The investigators identified an interaction between the NF-κB-regulated antiapoptotic factor GADD45β and the JNK kinase MKK7 as a therapeutic target in MM.
They then developed a drug known as DTP3, which disrupts the GADD45β/MKK7 complex, thereby killing MM cells in vitro and in vivo, without harming normal cells.
“Lab studies suggest that DTP3 could have therapeutic benefit for patients with multiple myeloma and potentially several other types of cancer, but we will need to confirm this in our clinical trials, the first of which will start next year,” said study author Guido Franzoso, MD, PhD, of Imperial College London in the UK.
Dr Franzoso and his colleagues knew that NF-κB is overactive in MM and other malignancies, but targeting NF-κB can have detrimental effects on healthy cells. So they looked for target genes downstream of NF-kB that might be responsible for its role in cancers.
By studying cells from MM patients, the investigators identified the protein complex GADD45β/MKK7, which appeared to play a critical role in allowing MM cells to survive.
Searching for a safe way to target the NF-kB pathway, the team screened more than 20,000 molecules and found 2 that disrupted GADD45β/MKK7. Further refinements led to the development of DTP3.
In human MM cells, DTP3 had a similar anticancer potency to that of bortezomib, but with a more than 100-fold higher cancer-cell specificity. DTP3 also retained full therapeutic efficacy in cell lines that were resistant to standard MM treatments.
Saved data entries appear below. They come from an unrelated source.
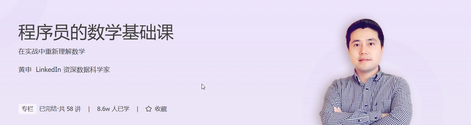 在人工智能飞速发展的今天,数学已成为驱动算法创新的核心引擎。本课程《程序员的数学基础课》由 LinkedIn 资深数据科学家黄申主讲,系统梳理程序员必备的数学知识体系,帮助你在人工智能、机器学习、数据科学等领域打下坚实基础。课程涵盖二进制、递归、动态规划、概率统计、线性代数等关键模块,结合哈希函数、推荐系统、搜索引擎、文本分类等真实应用场景,将抽象数学转化为可落地的编程实践。你将掌握 PCA 降维、SVD 推荐、贝叶斯分类、图搜索等核心技能,提升算法设计与模型优化能力。无论是备战 AI 岗位、转战数据科学,还是夯实编程内功,这门课都将助你打通数学与技术的任督二脉,实现职业能力的跃迁升级。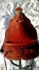 Custom wade saddle made by Steve McKay of Burns, OR built on a Sonny Felkins rawhide covered wood tree. Specs on the tree are 6 1/4" gullet on 90 degree bars. Fits a lot of horses very well, sweats evenly. Has crupper D rings so ride it on your mule too. 16" seat. Full floral carved in a wild daisy pattern. Background is dyed black so it really makes the carving pop. Brass hardware, rigging slightly ahead of 3/4. Ground seat is well shaped, no pressure points. Mule hide horn wrap. Real shearling. Comes with your choice of 5" stainless steel or brass stirrups. In excellent condition, about as new as used can get, but you save thousands off the new price. Buyer pays shipping.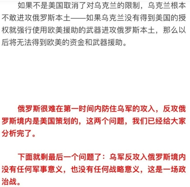 一直想不通,乌军攻入俄境内没有任何战略意义,但为啥还要牺牲一万多士兵?直到现在才恍然大悟 ,原来如此,炮灰是没有说话 的权力 的。 俄乌战争打到今天 ,相信明眼人早就看出来了, 乌克兰实际上就是一个傀儡 ,他说了话不算, 他是一个提线木偶,真正在后面提面的人是美国的民主党。 现在民主党方面因为处于劣势,所以要在俄乌战场上扳回一局,所以就让乌克兰的军人深入敌境,大家都知道这支军队就是一个炮灰 ,孤军深入,没有战略后勤支持, 这最后不是投降就是被全体坑杀,实在是没有第三条路可走。 但是只要民主党在选举上击败共和党, 别说牺牲万八千的乌克兰士兵,就是十倍的代价他们照样不眨眼睛 ,反正死道友不死贫道。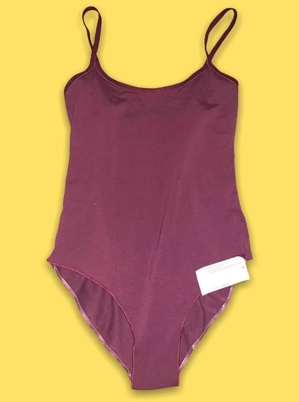 NWT American Apparel Bodysuit • size large • dark burgundy red • elastic ribbon straps • scoopnec... Show more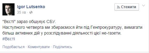"Вести зараз обшукує СБУ. Наступного четверга ми збираємося йти під Генпрокуратуру, вимагати більш активних дій у розслідуванні діяльності цієї НЕ-газети", - написав Луценко.

In mice, DTP3 eradicated MM, with no apparent side effects at the effective doses.
In an orthotopic xenograft model of MM, control mice had a median overall survival of 26 days. But mice treated with DTP3 had a median overall survival that extended past the experimental endpoint on day 161.
“We had known for many years that NF-kB is very important for cancer cells, but because it is also needed by healthy cells, we did not know how to block it specifically,” Dr Franzoso said.
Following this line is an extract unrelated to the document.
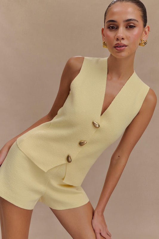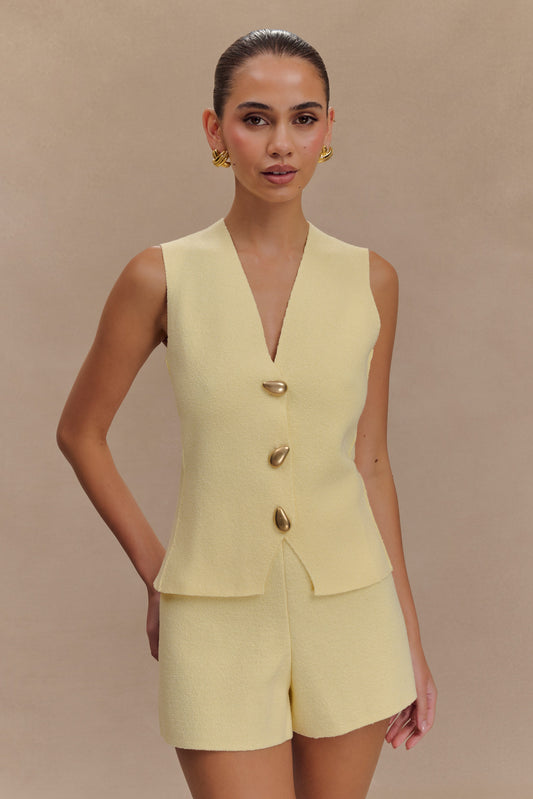 Sleeveless Gold Button Vest - Lemon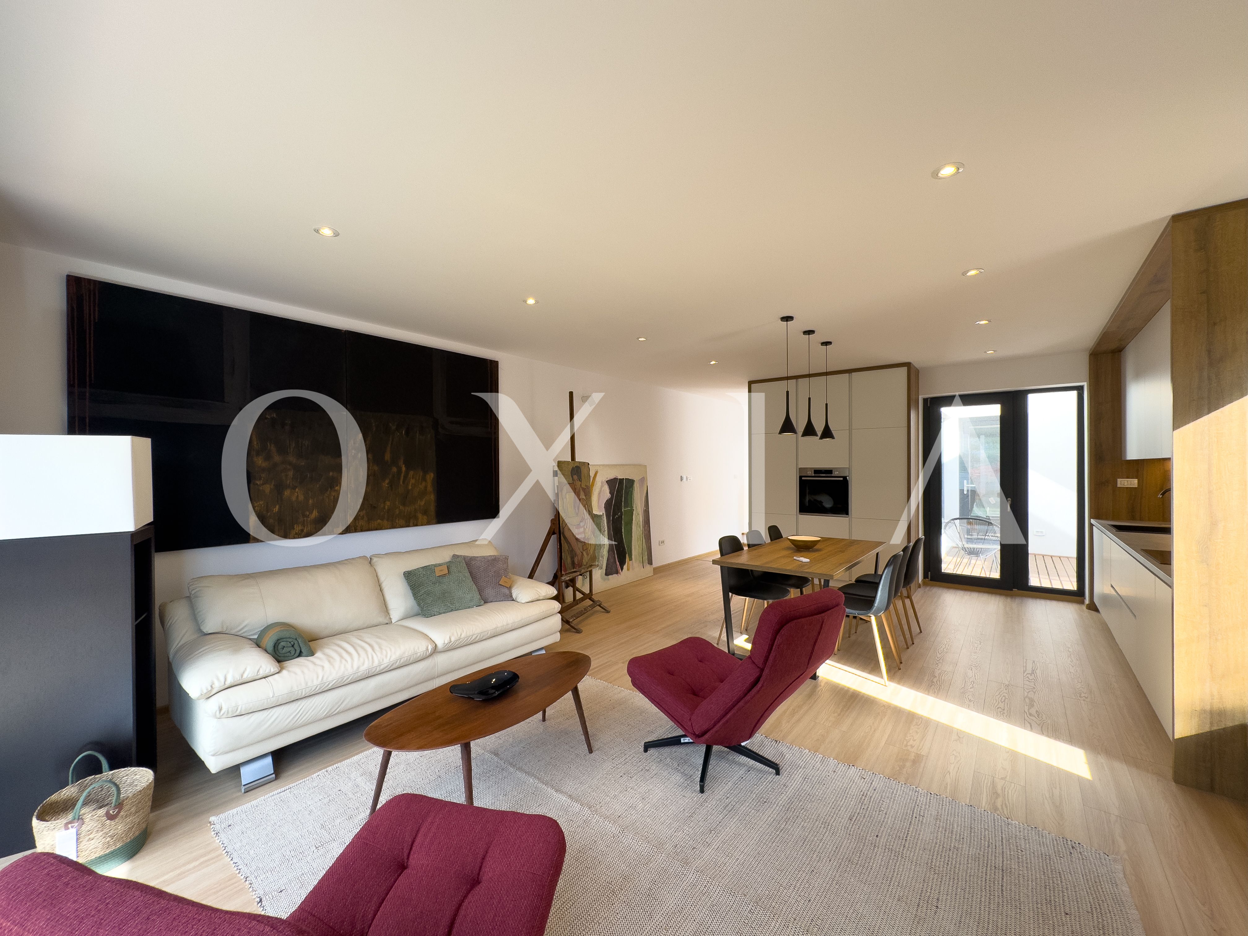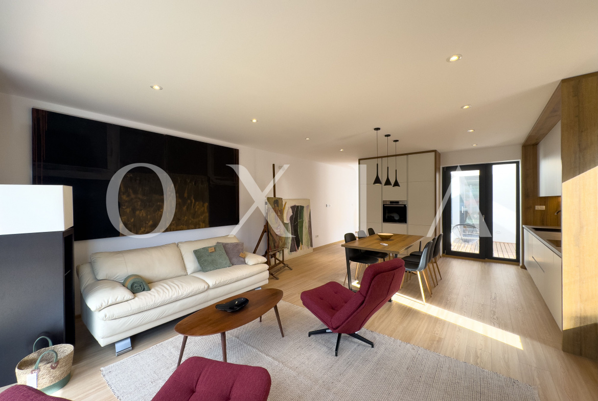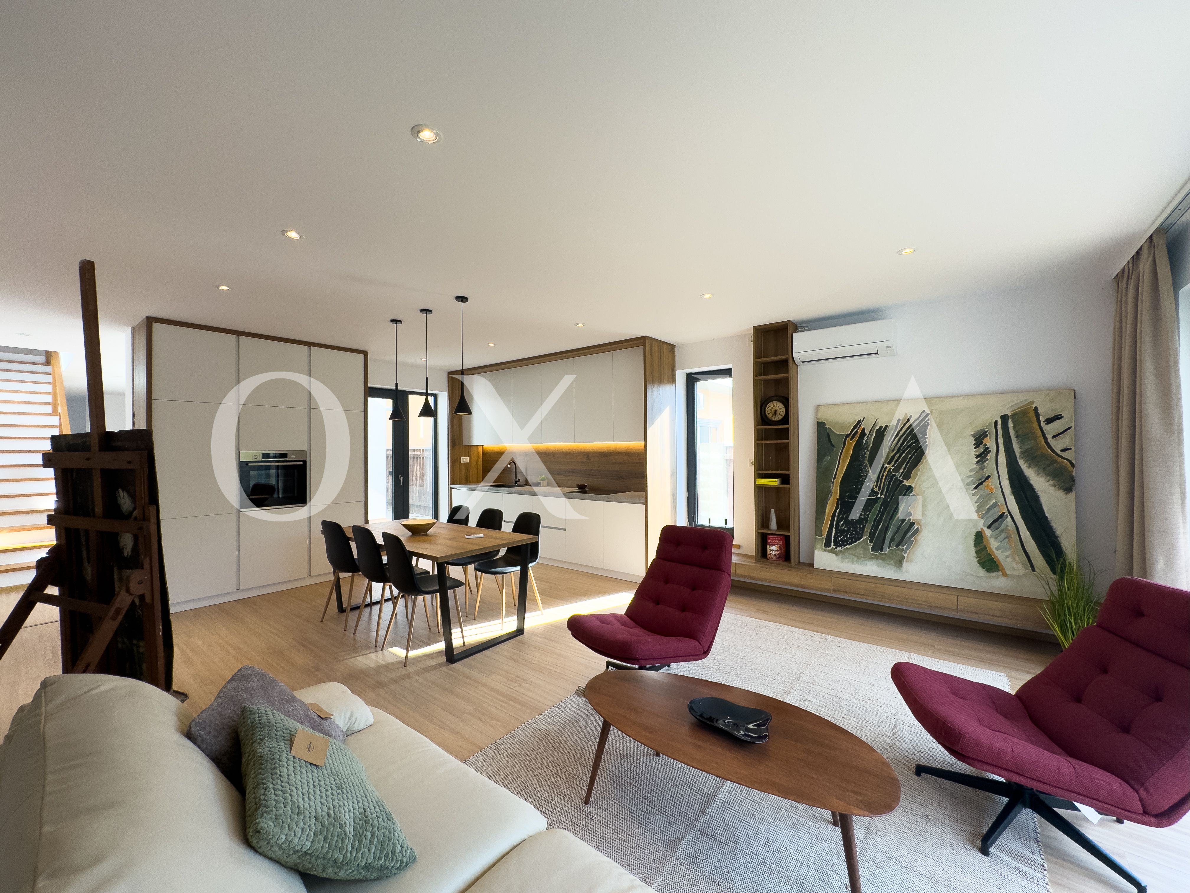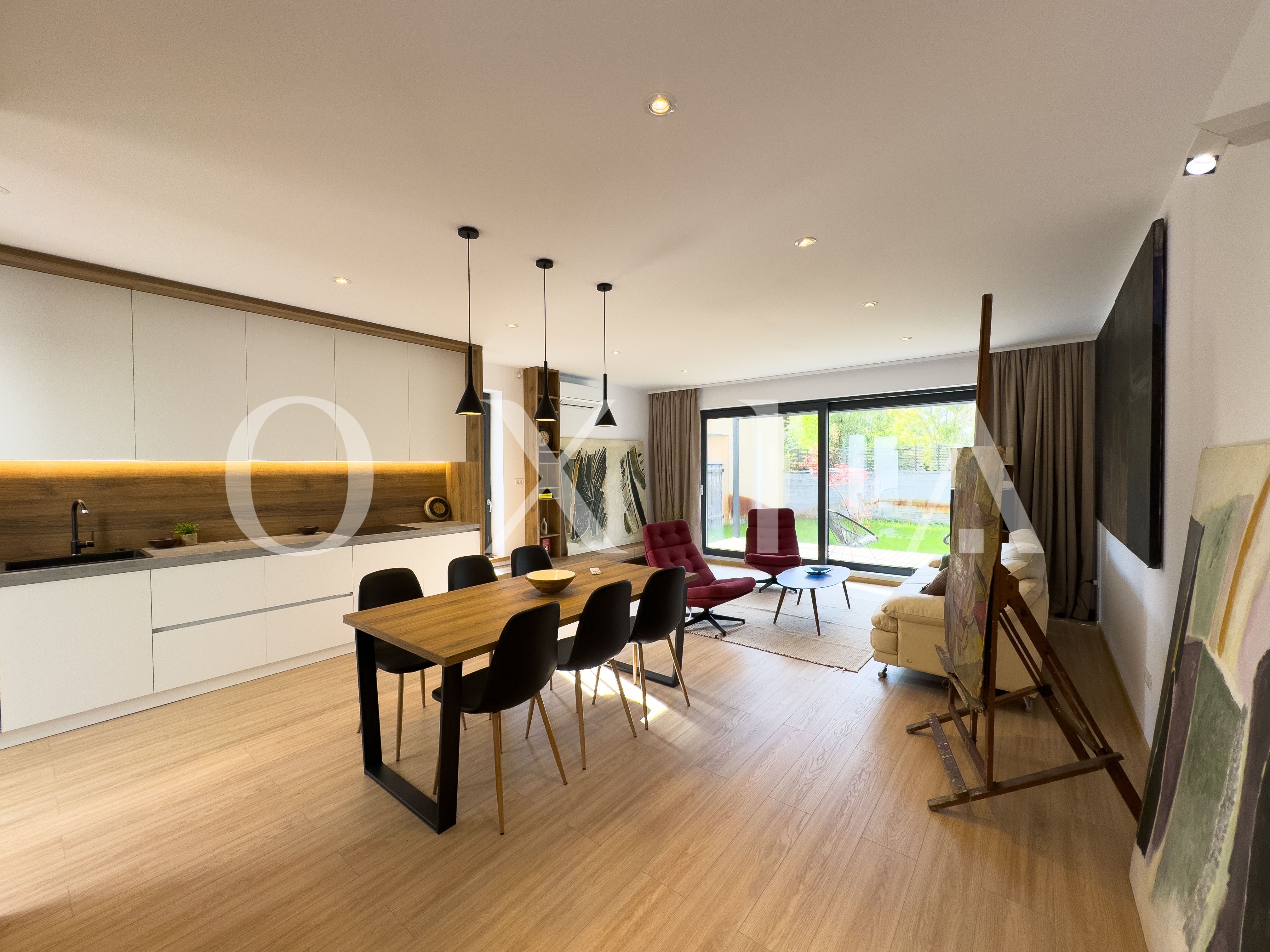 Living si bucatarie open space cu suprafata vitrata generoasa

“The discovery that blocking the GADD45β/MKK7 segment of the NF-kB pathway with our DTP3 peptide therapeutic selectively kills myeloma cells could offer a completely new approach to treating patients with certain cancers, such as multiple myeloma.”
A spinout company, Kesios Therapeutics, was formed to commercialize DTP3 and other drug candidates based on Dr Franzoso’s research, with support from Imperial Innovations, a technology commercialization company focused on developing academic research in the UK.